== ABOUT THIS TASK ==
Retype nothing except the lines below from the one with "- Portrait de" through the one with "From the late", exactly, with images left out.

== PROVIDED INFORMATION ==

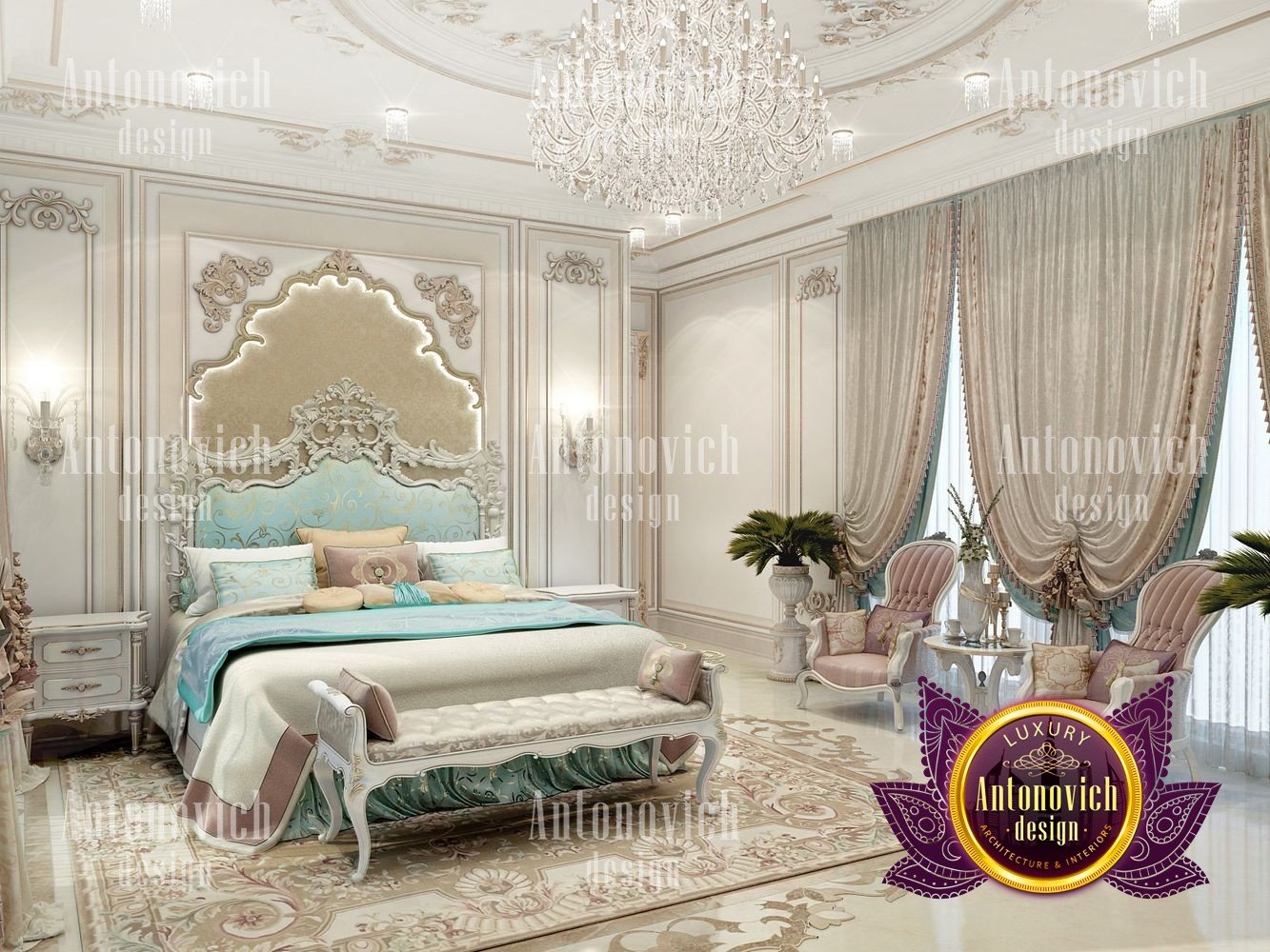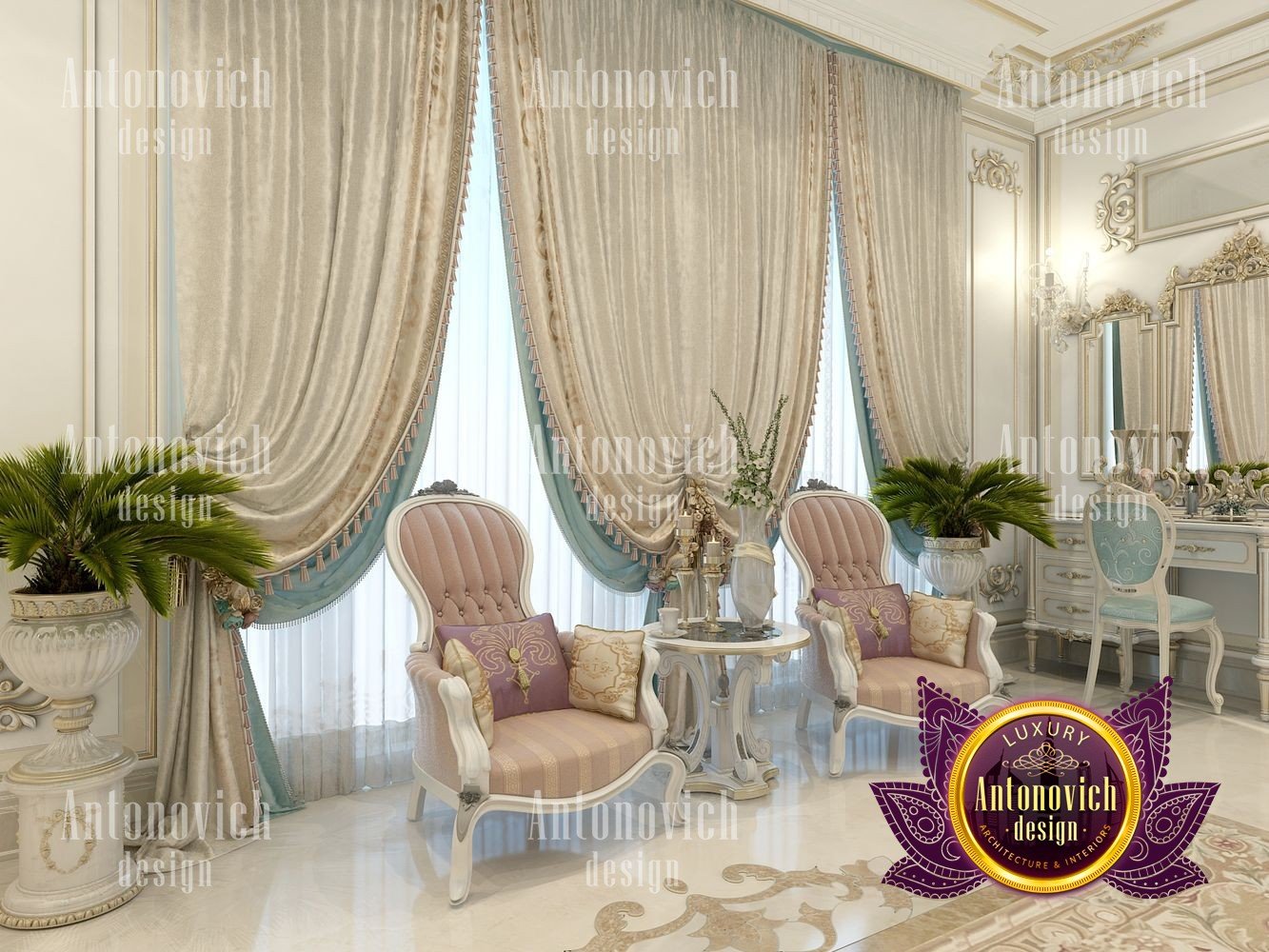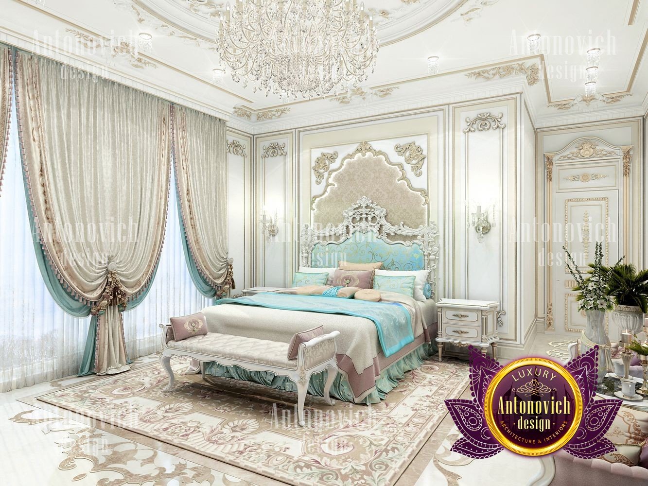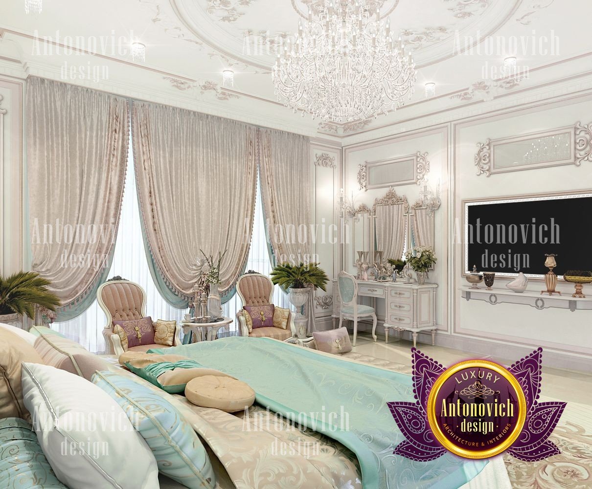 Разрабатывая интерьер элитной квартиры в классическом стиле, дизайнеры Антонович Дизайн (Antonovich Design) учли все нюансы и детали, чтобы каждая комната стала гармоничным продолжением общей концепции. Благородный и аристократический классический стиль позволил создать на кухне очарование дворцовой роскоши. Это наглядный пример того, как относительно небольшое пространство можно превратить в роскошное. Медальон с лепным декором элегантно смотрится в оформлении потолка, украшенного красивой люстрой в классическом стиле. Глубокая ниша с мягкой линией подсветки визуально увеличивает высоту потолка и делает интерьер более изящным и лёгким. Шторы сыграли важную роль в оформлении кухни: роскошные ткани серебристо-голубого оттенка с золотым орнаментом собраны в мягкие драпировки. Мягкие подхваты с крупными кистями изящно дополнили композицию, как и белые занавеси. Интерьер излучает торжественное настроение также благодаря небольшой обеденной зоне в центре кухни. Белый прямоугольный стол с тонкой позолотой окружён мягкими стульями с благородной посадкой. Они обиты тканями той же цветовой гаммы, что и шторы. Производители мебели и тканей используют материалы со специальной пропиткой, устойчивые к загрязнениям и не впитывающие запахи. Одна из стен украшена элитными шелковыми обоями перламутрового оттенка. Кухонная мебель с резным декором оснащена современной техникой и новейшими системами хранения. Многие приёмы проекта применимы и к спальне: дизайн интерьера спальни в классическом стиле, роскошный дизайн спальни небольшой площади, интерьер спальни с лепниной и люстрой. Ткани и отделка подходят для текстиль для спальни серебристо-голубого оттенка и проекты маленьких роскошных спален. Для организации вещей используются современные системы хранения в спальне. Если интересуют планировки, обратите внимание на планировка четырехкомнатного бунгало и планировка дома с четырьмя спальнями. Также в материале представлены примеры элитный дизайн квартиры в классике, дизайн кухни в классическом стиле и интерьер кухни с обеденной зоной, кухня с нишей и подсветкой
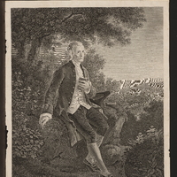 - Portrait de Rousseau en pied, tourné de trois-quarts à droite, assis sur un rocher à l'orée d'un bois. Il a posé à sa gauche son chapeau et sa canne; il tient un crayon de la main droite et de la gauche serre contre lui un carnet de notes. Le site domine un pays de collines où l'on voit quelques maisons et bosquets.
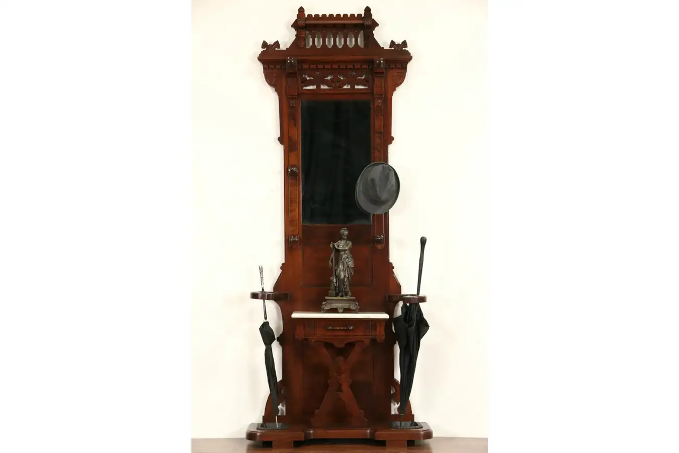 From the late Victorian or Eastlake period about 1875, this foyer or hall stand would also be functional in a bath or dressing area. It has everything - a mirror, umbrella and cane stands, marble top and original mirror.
* * *
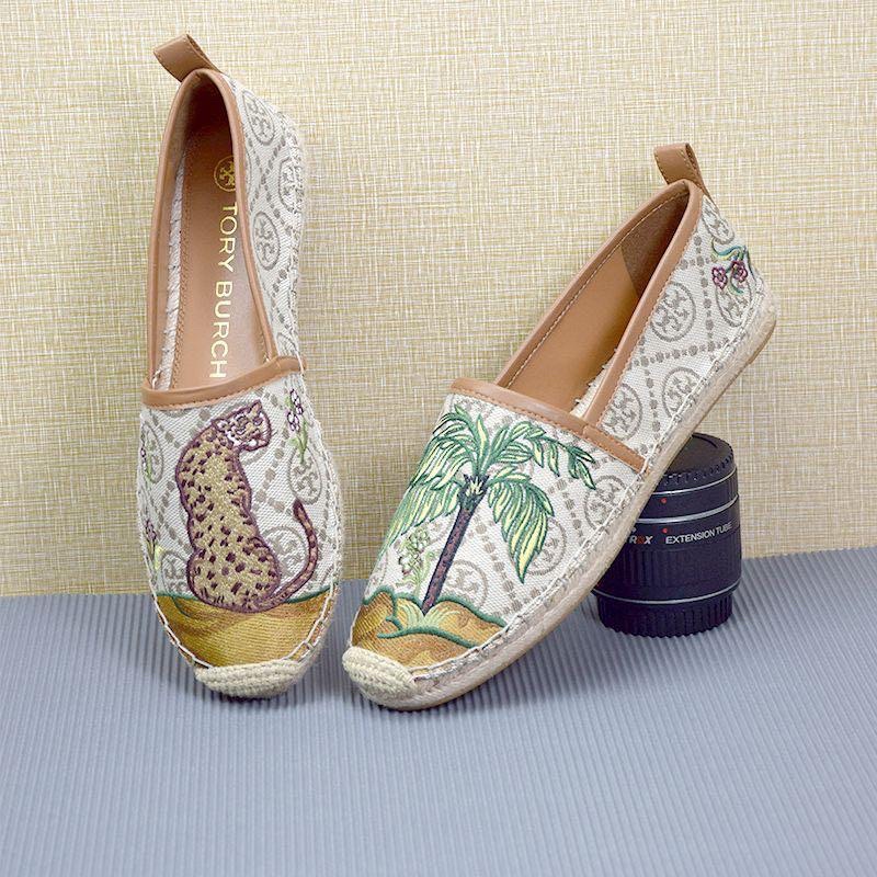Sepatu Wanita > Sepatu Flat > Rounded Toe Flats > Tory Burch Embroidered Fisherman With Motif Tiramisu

== TASK ANSWER ==
 - Portrait de Rousseau en pied, tourné de trois-quarts à droite, assis sur un rocher à l'orée d'un bois. Il a posé à sa gauche son chapeau et sa canne; il tient un crayon de la main droite et de la gauche serre contre lui un carnet de notes. Le site domine un pays de collines où l'on voit quelques maisons et bosquets.
 From the late Victorian or Eastlake period about 1875, this foyer or hall stand would also be functional in a bath or dressing area. It has everything - a mirror, umbrella and cane stands, marble top and original mirror.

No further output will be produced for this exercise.